This gives an amazing 1 hour at over 2000lm, then a further 36 minute with over 1000lm and another 30 minutes before the output drops to 200lm. Following this there was a further 40 minutes of usable light. This is a light you can rely on not to leave you in the dark and gives a fantastic performance on continuous maximum output.

When the batteries get very low the LEDs just dim gradually. I got bored waiting for a complete shut off and here used an exposure of 1/3200s to capture the LEDs in detail.








In The Lab

_In an attempt to quantify the actual beam profile I developed the following test. There are probably many flaws in my method, but it is simple and easy to carry out and seems to provide a good enough comparison.

The method used was to support the light 1m off the floor and 1m from a wall, with a tape measure on the wall. The zero of the scale is placed in the centre of the hotspot and a lux meter is then positioned at points along the scale, with the measurements recorded. Beam shots are often taken with the light shining on a flat white wall, so this method is simply measuring the actual intensity across the beam on a flat surface, not the spherical light emission.

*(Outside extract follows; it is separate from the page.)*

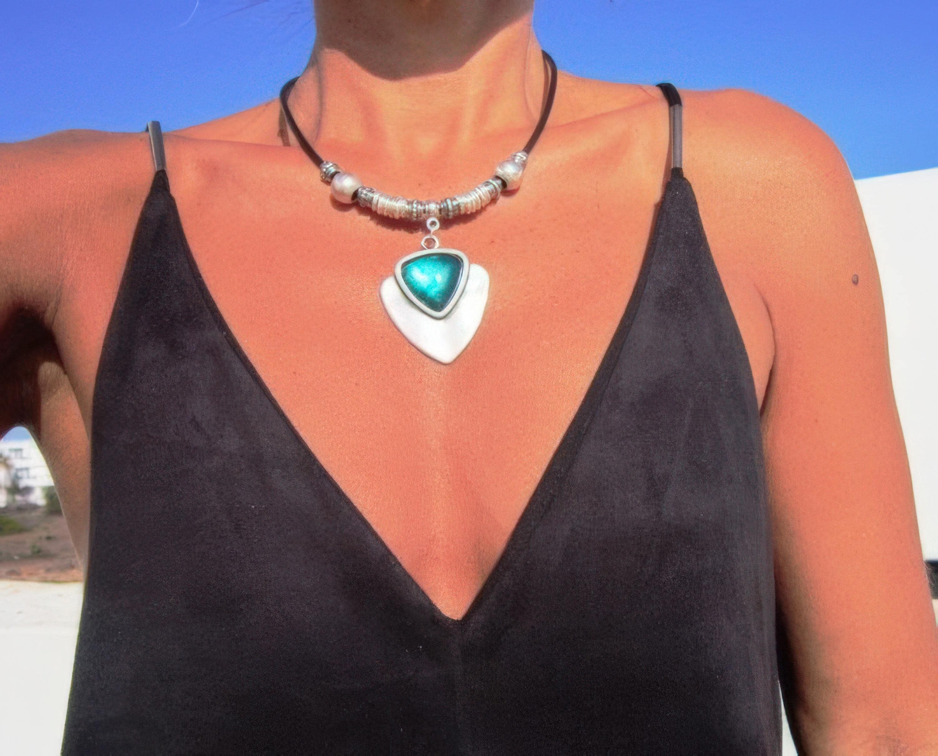 To preserve the look of your leather and silver jewelry, avoid water, cosmetics, and cleaning products. Always store your jewelryin a dry place and use a soft cloth to clean silver parts. Leather may naturally darken slightly over time, giving your jewelry a unique, lived-in feel.
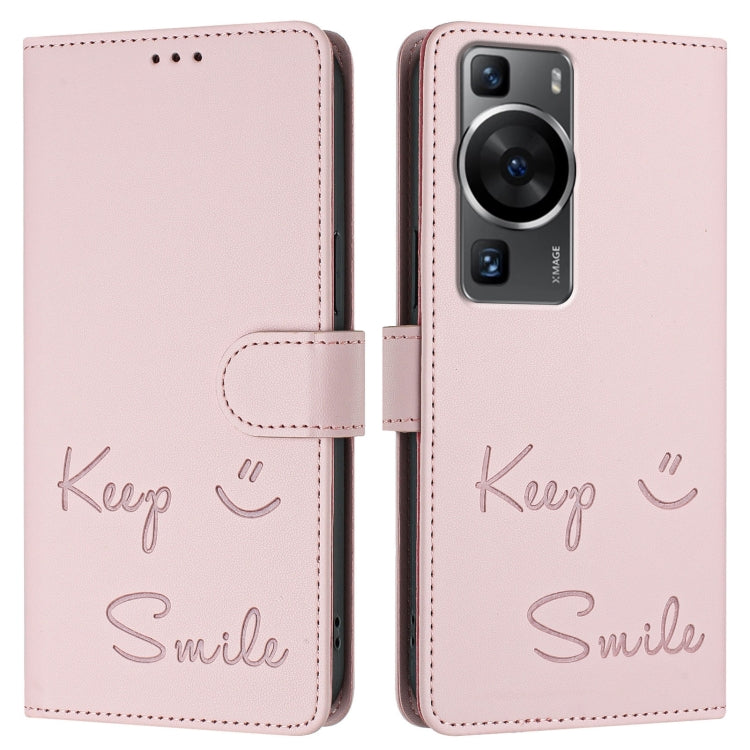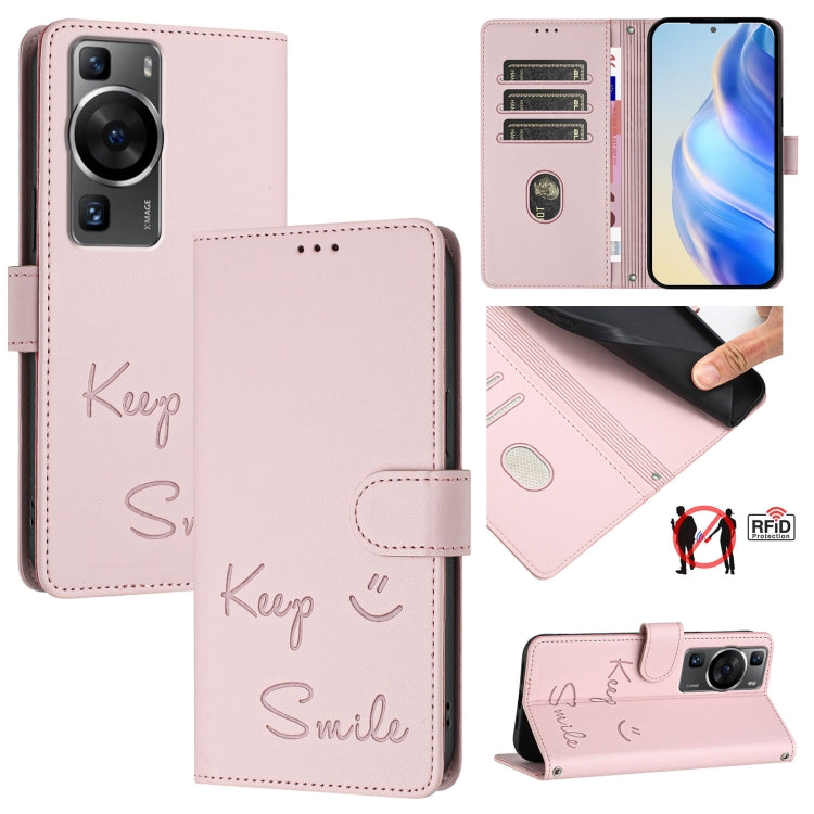 Funda de Cuero Rfid con Relieve Sonriente para Huawei P60/P60 Pro (Rosa)

The results are then plotted on a graph.

For the best throw you want to see a sharp peak with less of the distracting spill. For the best flood light the trace should be pretty flat._

The TM11 beam profile is shown here compared to the Fenix TK41 as this is a well-known high performance light.

The TM11 has a very strong peak, however it also has a wide hotspot and smooth transition into a nice bright spill area.






_Taking this a little further, I calculated an approximate factor to apply to the lux measurements, as each measurement gets further from the centre of the beam, it corresponds to a larger area onto which the light is falling. It seems to me that this should also be taken into consideration, so I applied these area corrections and came up with this odd looking graph.

The key quantity here is the area under the graph line. This should correspond to the total light output._

This shows just how much light the TM11 outputs, and it overwhelms the already impressive TK41 especially the spill and outer spill. The TM11 is also a flood monster.








The beam

The previous beam profile graphs, show the TM11 as having not only a strong hotspot so having good range, but also having masses of spill light. The compound reflector and multiple emitters mean the outer edge of the spill beam is a little messy, but this can’t be helped.






To give a comparison of the TM11’s powerful beam, here I’m comparing it to the Fenix TK41 as this is a known top performer.

The following image shows the direct comparison of both lights with exactly the same exposure.






If that doesn’t make you want one, nothing will!



What it is really like to use…






Using the two-stage switch initially took a bit of getting used to, but it did become just as natural as using the two-stage switch of a camera shutter button. For such a simple user interface the TM11 manages a great flexibility of control.

It is an unfortunate consequence of having a light such as this, that you quickly get accustomed to the massive output and it becomes ‘normal’. Other lights just seem to pale into insignificance once this Tiny Monster has made itself at home in your hand.

The large diameter of the light means anyone with small hands may find it a bit tiring to use for a long time, but with average or larger hands should find it comfortable enough.

High output + small size = HOT…….and the TM11 can get pretty hot. Used outside and held in the hand (as your hand is one of the best heat sinks) the TM11 should not get worryingly hot, but if you pop it onto a table, tail-standing it on Turbo to light up a room, it will get VERY hot.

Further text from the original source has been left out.